== Source data ==
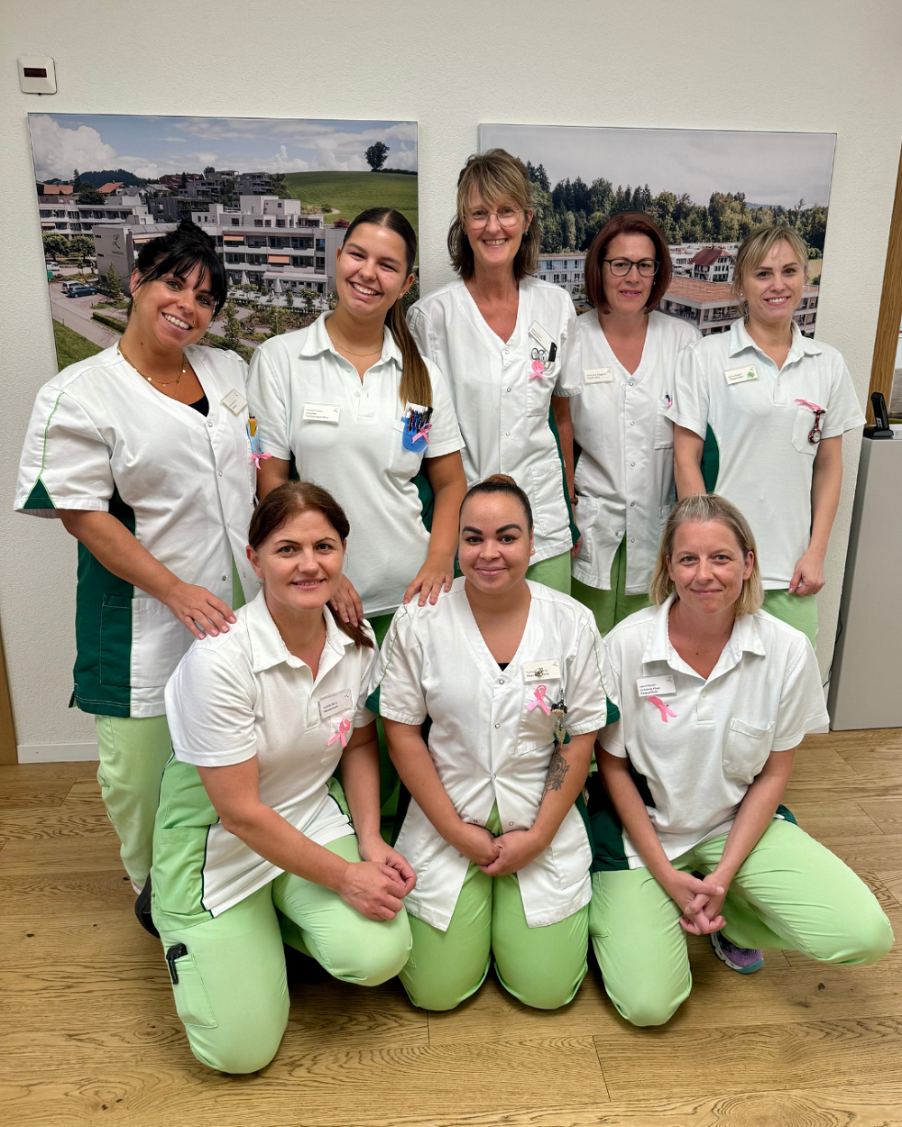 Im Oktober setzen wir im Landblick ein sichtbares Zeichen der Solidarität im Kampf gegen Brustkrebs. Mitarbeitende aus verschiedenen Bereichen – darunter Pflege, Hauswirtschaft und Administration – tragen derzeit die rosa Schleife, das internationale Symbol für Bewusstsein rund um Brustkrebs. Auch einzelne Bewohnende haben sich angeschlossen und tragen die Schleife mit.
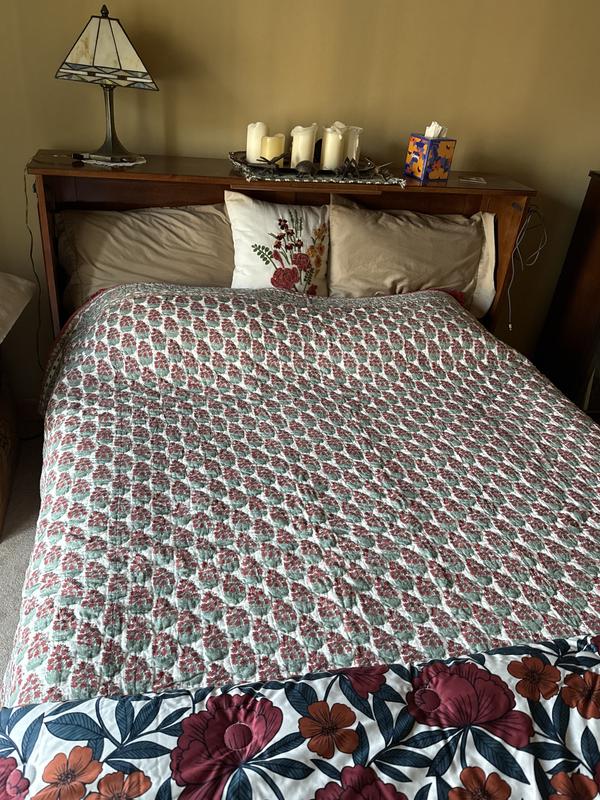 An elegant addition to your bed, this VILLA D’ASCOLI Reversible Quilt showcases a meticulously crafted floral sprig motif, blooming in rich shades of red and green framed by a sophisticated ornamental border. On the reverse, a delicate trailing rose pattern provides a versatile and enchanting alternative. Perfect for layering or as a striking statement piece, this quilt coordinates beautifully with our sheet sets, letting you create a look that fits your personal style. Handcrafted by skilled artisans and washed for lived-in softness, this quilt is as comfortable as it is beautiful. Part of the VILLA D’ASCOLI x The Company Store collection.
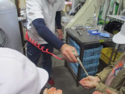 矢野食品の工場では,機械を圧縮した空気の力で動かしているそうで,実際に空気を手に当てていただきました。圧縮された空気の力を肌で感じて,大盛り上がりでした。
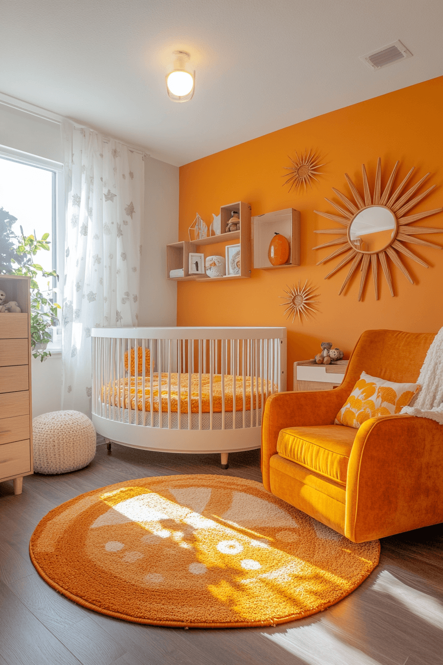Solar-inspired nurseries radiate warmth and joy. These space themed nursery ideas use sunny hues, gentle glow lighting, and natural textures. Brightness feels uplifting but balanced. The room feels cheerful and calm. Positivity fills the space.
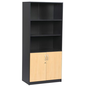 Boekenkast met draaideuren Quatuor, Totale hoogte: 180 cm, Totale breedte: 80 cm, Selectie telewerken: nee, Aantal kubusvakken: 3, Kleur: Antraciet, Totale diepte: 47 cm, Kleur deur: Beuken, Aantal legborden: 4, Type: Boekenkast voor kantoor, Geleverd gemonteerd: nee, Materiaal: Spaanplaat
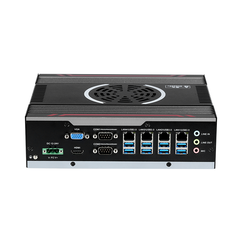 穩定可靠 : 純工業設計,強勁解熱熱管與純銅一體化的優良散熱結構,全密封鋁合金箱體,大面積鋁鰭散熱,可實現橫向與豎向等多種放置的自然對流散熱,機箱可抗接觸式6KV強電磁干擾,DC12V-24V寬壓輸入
===
== Source data ==
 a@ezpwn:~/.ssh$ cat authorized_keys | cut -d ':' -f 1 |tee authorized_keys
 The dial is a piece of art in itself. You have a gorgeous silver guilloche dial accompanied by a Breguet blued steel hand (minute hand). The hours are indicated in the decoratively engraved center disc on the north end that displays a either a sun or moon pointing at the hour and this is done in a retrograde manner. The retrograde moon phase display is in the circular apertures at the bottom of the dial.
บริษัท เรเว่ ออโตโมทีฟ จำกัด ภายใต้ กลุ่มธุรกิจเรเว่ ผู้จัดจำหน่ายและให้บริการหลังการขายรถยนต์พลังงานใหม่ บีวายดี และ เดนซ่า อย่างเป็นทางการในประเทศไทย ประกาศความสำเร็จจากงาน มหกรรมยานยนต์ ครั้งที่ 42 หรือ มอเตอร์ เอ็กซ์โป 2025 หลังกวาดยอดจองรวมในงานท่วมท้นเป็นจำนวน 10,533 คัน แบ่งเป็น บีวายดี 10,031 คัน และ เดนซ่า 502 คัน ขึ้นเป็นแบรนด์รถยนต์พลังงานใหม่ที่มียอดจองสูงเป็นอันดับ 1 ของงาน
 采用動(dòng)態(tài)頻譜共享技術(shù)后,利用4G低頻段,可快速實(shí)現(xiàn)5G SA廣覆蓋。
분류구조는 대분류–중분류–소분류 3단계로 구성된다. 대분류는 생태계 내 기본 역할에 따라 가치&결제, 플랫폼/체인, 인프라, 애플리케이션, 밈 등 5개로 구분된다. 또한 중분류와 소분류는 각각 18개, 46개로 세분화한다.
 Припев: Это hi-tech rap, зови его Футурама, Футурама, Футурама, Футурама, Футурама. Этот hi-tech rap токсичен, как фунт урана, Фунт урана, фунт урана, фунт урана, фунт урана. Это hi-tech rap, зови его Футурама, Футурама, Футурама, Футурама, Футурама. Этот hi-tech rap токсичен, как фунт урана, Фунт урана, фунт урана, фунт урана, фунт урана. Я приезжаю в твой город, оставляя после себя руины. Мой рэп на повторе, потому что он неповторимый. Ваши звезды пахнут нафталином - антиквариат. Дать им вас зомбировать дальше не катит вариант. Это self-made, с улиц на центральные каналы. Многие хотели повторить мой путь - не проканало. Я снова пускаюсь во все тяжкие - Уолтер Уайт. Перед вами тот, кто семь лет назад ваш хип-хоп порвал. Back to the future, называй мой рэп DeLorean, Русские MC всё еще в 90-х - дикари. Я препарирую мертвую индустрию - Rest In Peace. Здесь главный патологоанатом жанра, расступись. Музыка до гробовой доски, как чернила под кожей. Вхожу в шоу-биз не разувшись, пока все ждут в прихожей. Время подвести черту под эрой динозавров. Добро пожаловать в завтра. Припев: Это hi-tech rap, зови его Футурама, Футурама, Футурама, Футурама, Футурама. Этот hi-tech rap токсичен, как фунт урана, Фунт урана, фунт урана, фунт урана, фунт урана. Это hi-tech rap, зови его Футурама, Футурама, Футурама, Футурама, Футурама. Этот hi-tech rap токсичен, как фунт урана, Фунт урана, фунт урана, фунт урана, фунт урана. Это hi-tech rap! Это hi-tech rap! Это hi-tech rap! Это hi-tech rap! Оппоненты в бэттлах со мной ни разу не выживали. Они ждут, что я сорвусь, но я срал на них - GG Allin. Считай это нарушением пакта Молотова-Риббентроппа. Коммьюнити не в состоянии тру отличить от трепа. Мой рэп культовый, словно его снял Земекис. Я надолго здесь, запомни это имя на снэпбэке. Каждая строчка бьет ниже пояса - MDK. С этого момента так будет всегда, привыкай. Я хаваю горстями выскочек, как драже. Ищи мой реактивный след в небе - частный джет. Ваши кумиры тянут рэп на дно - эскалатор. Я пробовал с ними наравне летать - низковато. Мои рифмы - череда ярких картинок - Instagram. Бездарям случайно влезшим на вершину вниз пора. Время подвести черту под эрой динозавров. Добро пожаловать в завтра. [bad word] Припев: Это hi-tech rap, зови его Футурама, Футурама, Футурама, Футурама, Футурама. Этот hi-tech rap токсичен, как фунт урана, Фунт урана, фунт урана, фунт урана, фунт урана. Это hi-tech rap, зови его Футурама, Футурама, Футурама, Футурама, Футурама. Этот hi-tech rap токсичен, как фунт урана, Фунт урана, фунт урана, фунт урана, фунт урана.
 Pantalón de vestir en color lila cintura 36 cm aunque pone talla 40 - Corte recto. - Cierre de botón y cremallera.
===
▸ Task prompt: Reproduce, word for word and in full, only the lines above that start at the line with "บริษัท เรเว่ ออโตโมทีฟ" and run through the line with "분류구조는 대분류–중분류–소분류 3단계로", both ends included.

▸ Answer to the problem:
บริษัท เรเว่ ออโตโมทีฟ จำกัด ภายใต้ กลุ่มธุรกิจเรเว่ ผู้จัดจำหน่ายและให้บริการหลังการขายรถยนต์พลังงานใหม่ บีวายดี และ เดนซ่า อย่างเป็นทางการในประเทศไทย ประกาศความสำเร็จจากงาน มหกรรมยานยนต์ ครั้งที่ 42 หรือ มอเตอร์ เอ็กซ์โป 2025 หลังกวาดยอดจองรวมในงานท่วมท้นเป็นจำนวน 10,533 คัน แบ่งเป็น บีวายดี 10,031 คัน และ เดนซ่า 502 คัน ขึ้นเป็นแบรนด์รถยนต์พลังงานใหม่ที่มียอดจองสูงเป็นอันดับ 1 ของงาน
 采用動(dòng)態(tài)頻譜共享技術(shù)后,利用4G低頻段,可快速實(shí)現(xiàn)5G SA廣覆蓋。
분류구조는 대분류–중분류–소분류 3단계로 구성된다. 대분류는 생태계 내 기본 역할에 따라 가치&결제, 플랫폼/체인, 인프라, 애플리케이션, 밈 등 5개로 구분된다. 또한 중분류와 소분류는 각각 18개, 46개로 세분화한다.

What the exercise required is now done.